**PROBLEM REQUIREMENTS**
Go to the line with "VIX指数(恐慌指数)近几周连续下跌至谷底,Tallbacken Capital Advisors" in the records below, then output it and each following line exactly, up to and including the line with "Um die Saugleistung". Skip pictures and add nothing.
** Opening INPUT RECORDS block **
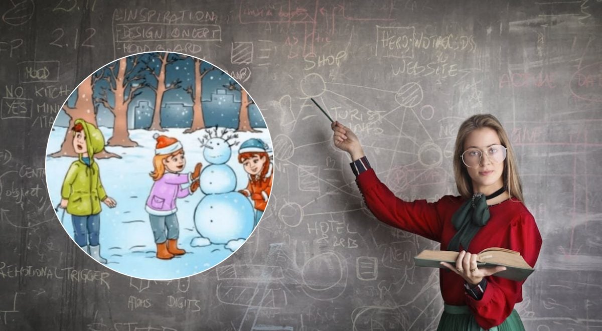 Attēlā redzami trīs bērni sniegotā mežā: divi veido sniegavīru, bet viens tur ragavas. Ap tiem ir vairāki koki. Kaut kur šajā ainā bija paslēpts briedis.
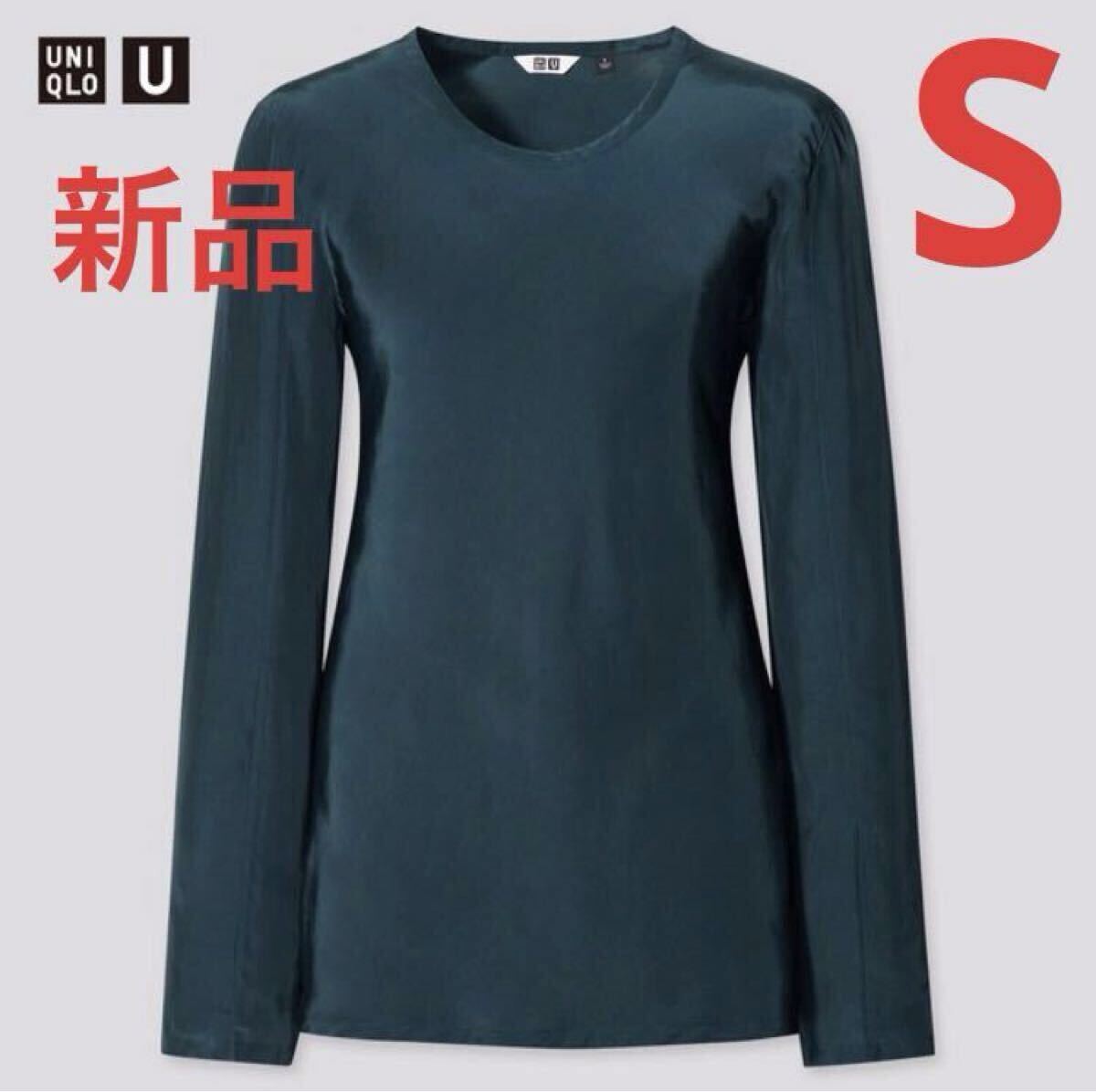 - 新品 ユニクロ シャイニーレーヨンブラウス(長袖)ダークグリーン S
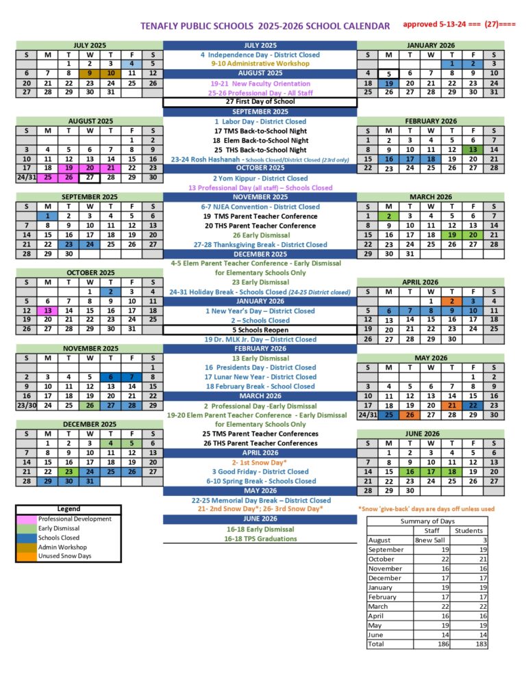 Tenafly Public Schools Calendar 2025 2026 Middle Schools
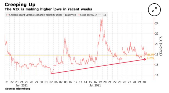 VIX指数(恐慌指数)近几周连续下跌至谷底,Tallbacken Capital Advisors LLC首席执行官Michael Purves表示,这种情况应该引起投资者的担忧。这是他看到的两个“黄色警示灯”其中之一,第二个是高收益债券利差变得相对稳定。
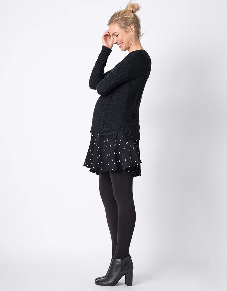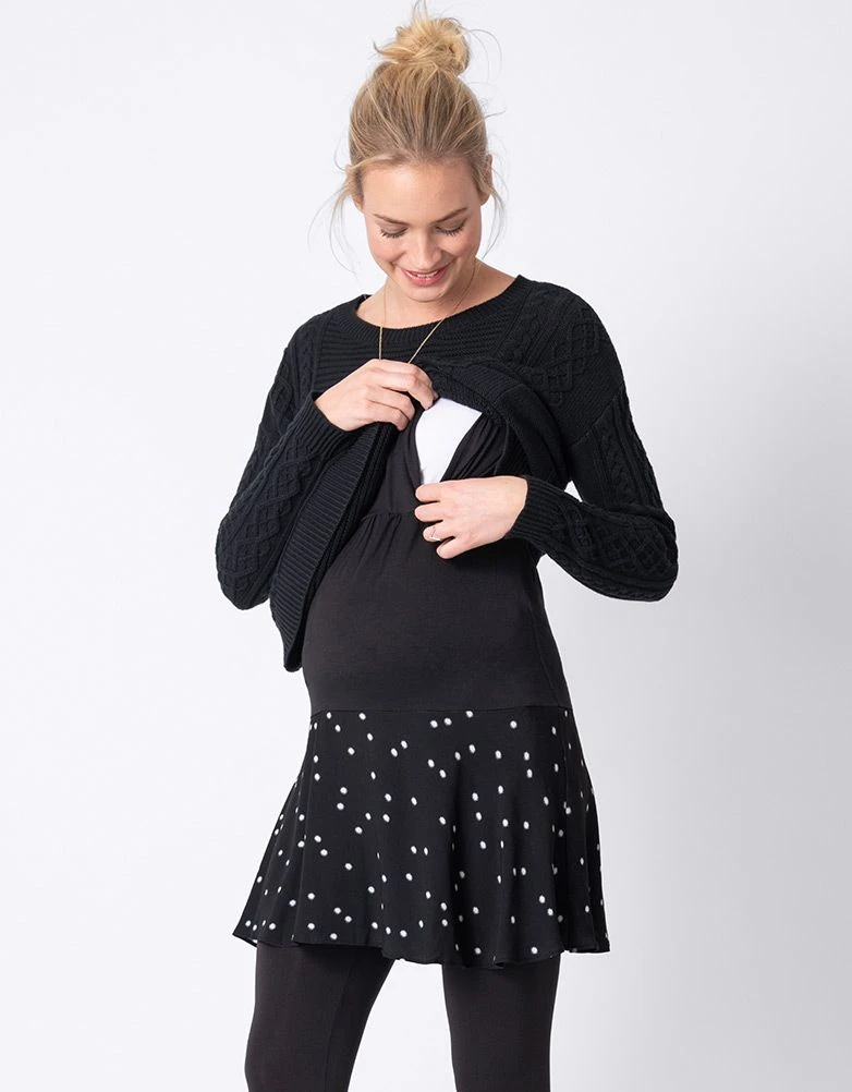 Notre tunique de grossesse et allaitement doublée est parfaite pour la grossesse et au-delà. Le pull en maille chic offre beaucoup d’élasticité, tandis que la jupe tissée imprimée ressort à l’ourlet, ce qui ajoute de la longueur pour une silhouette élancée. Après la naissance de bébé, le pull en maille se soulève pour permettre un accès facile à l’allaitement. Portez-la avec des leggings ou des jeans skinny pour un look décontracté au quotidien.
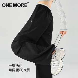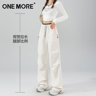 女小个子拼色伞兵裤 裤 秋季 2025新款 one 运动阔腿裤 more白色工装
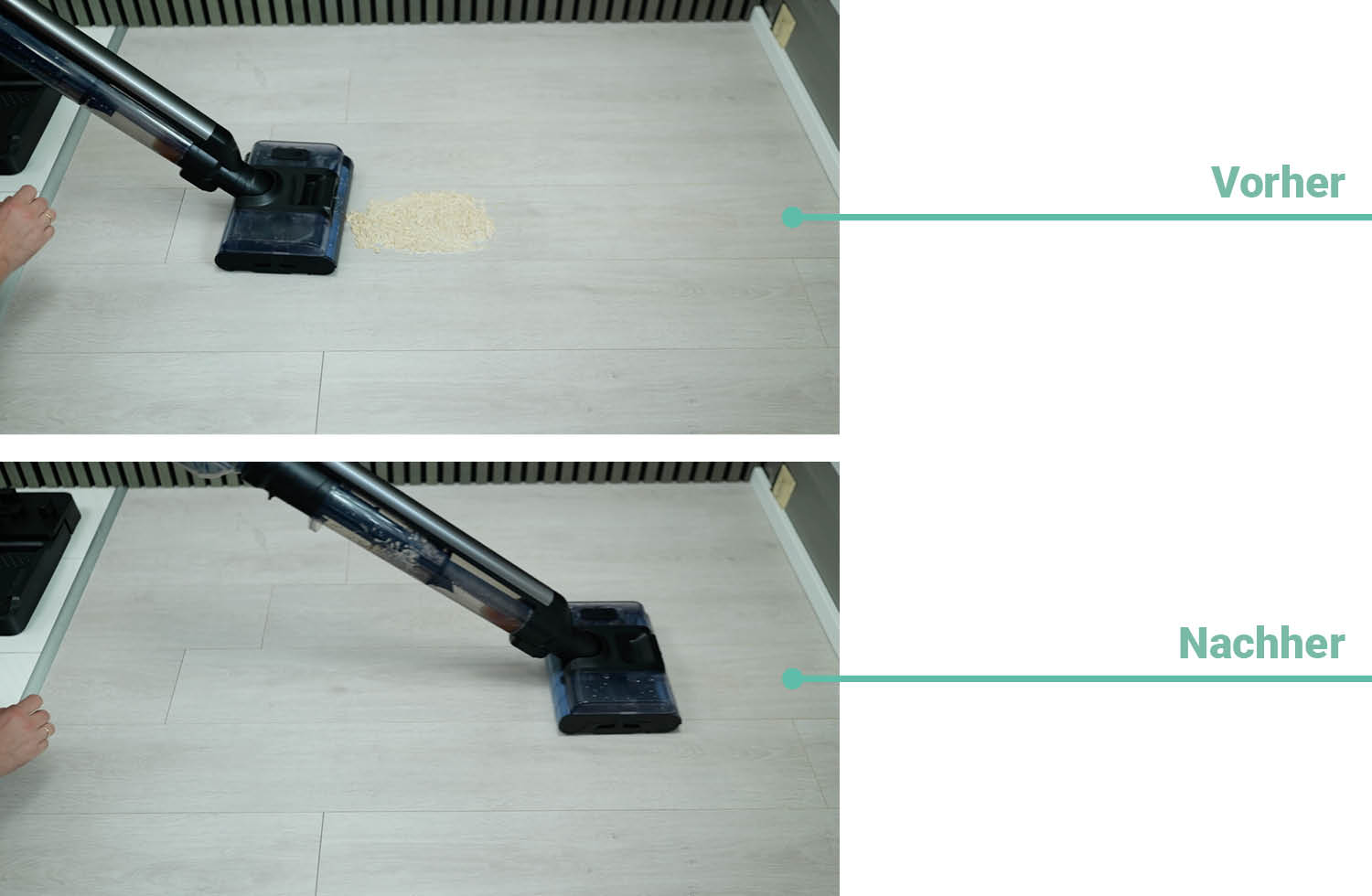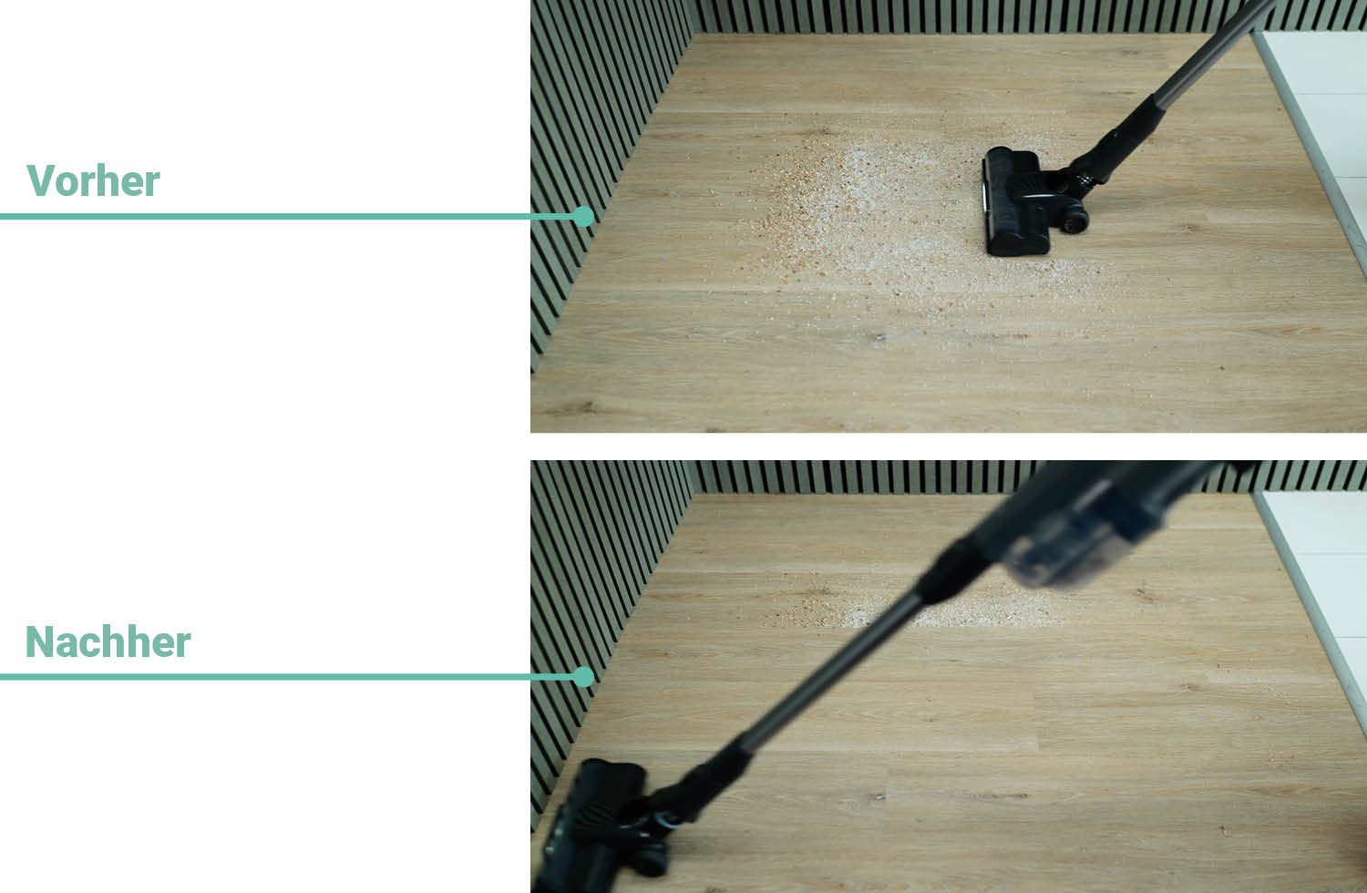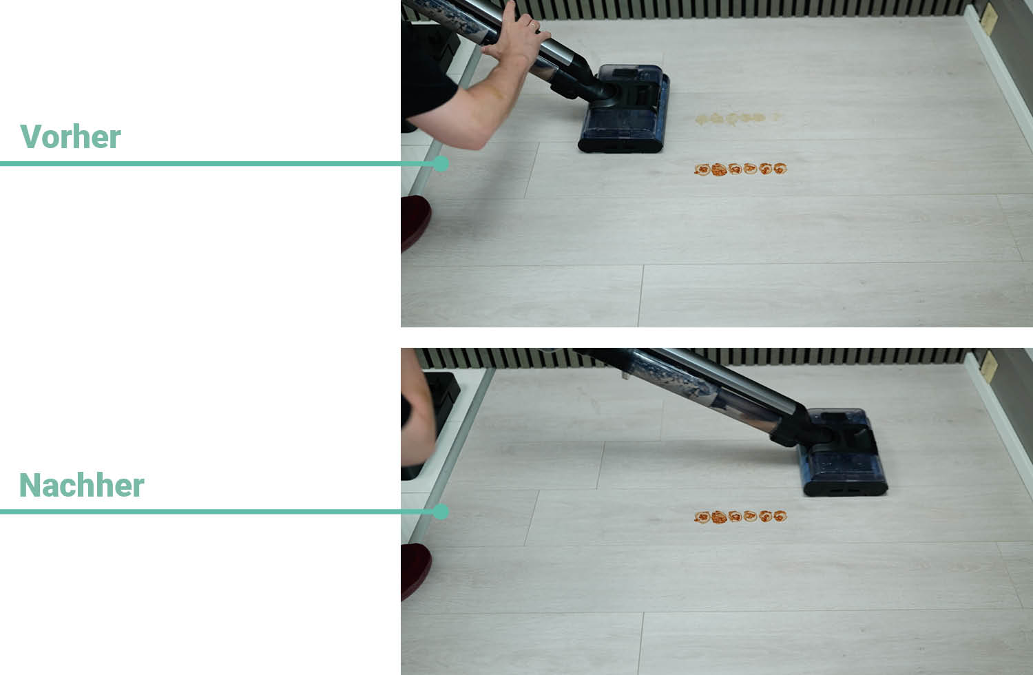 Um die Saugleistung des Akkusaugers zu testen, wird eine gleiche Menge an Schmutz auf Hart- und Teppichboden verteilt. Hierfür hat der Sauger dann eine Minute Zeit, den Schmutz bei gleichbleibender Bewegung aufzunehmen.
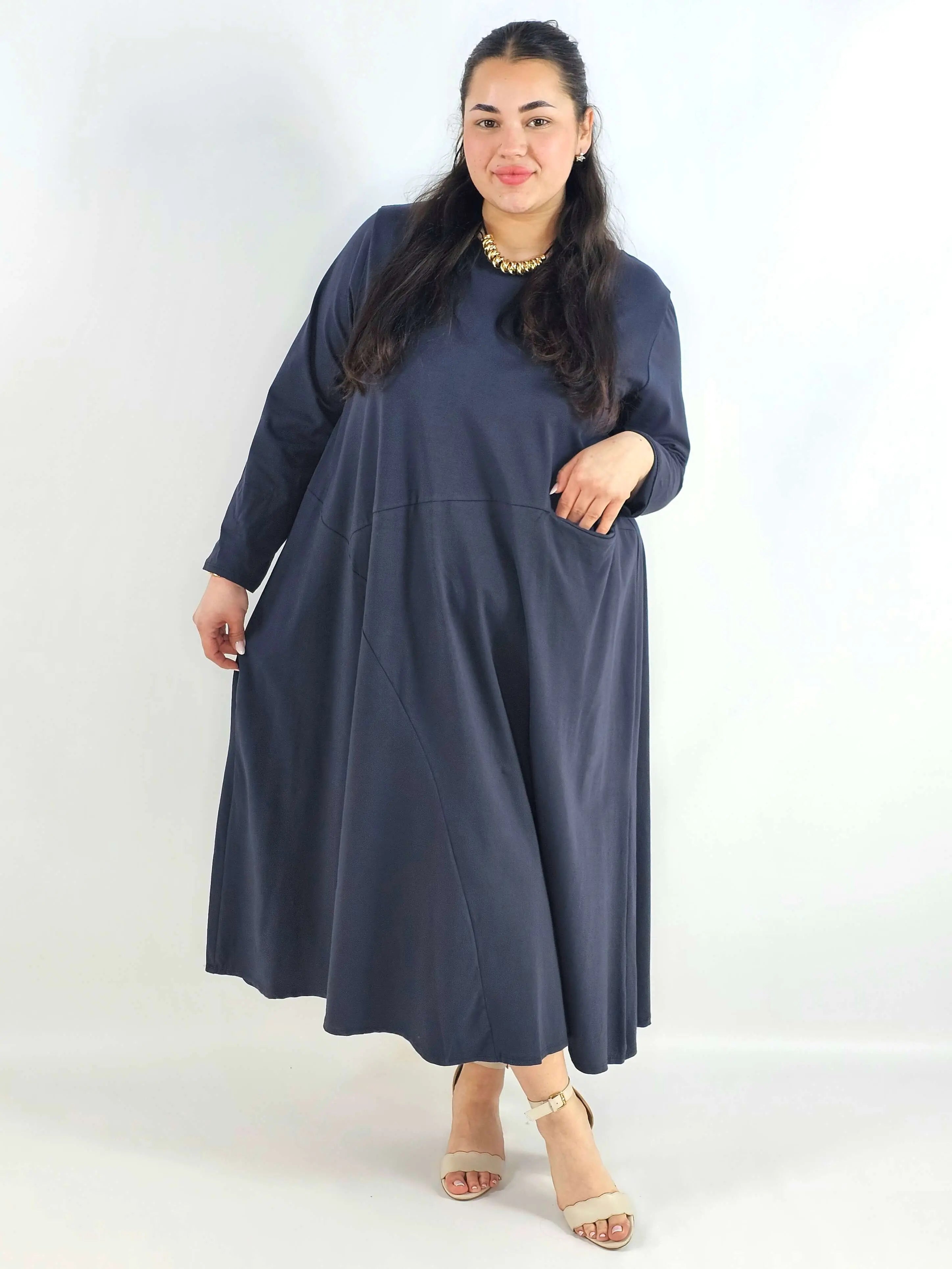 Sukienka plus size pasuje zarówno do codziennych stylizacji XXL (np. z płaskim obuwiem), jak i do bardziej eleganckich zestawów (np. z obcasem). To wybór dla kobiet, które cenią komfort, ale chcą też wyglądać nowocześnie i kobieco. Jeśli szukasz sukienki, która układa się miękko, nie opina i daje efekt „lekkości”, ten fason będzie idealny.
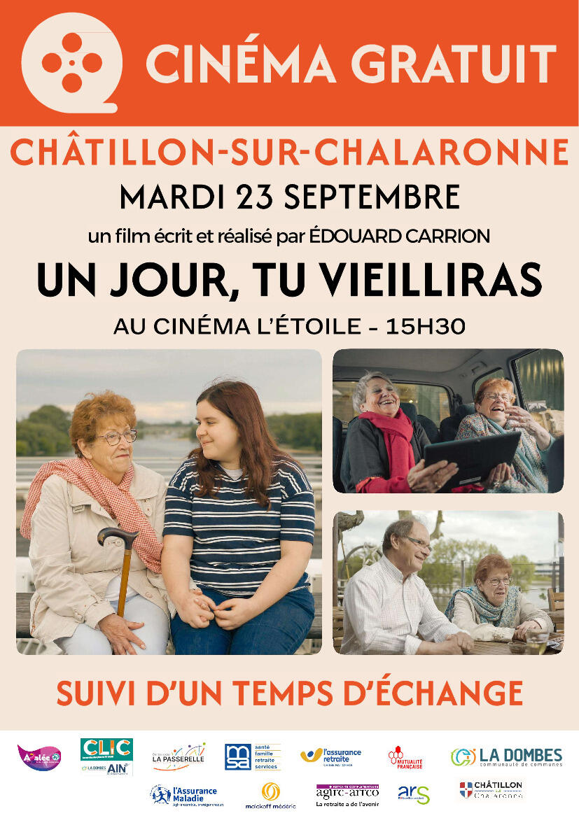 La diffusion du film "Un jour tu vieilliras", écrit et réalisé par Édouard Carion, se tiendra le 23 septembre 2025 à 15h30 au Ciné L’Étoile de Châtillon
** Closing INPUT RECORDS block **
**REPLY**
 VIX指数(恐慌指数)近几周连续下跌至谷底,Tallbacken Capital Advisors LLC首席执行官Michael Purves表示,这种情况应该引起投资者的担忧。这是他看到的两个“黄色警示灯”其中之一,第二个是高收益债券利差变得相对稳定。
 Notre tunique de grossesse et allaitement doublée est parfaite pour la grossesse et au-delà. Le pull en maille chic offre beaucoup d’élasticité, tandis que la jupe tissée imprimée ressort à l’ourlet, ce qui ajoute de la longueur pour une silhouette élancée. Après la naissance de bébé, le pull en maille se soulève pour permettre un accès facile à l’allaitement. Portez-la avec des leggings ou des jeans skinny pour un look décontracté au quotidien.
 女小个子拼色伞兵裤 裤 秋季 2025新款 one 运动阔腿裤 more白色工装
 Um die Saugleistung des Akkusaugers zu testen, wird eine gleiche Menge an Schmutz auf Hart- und Teppichboden verteilt. Hierfür hat der Sauger dann eine Minute Zeit, den Schmutz bei gleichbleibender Bewegung aufzunehmen.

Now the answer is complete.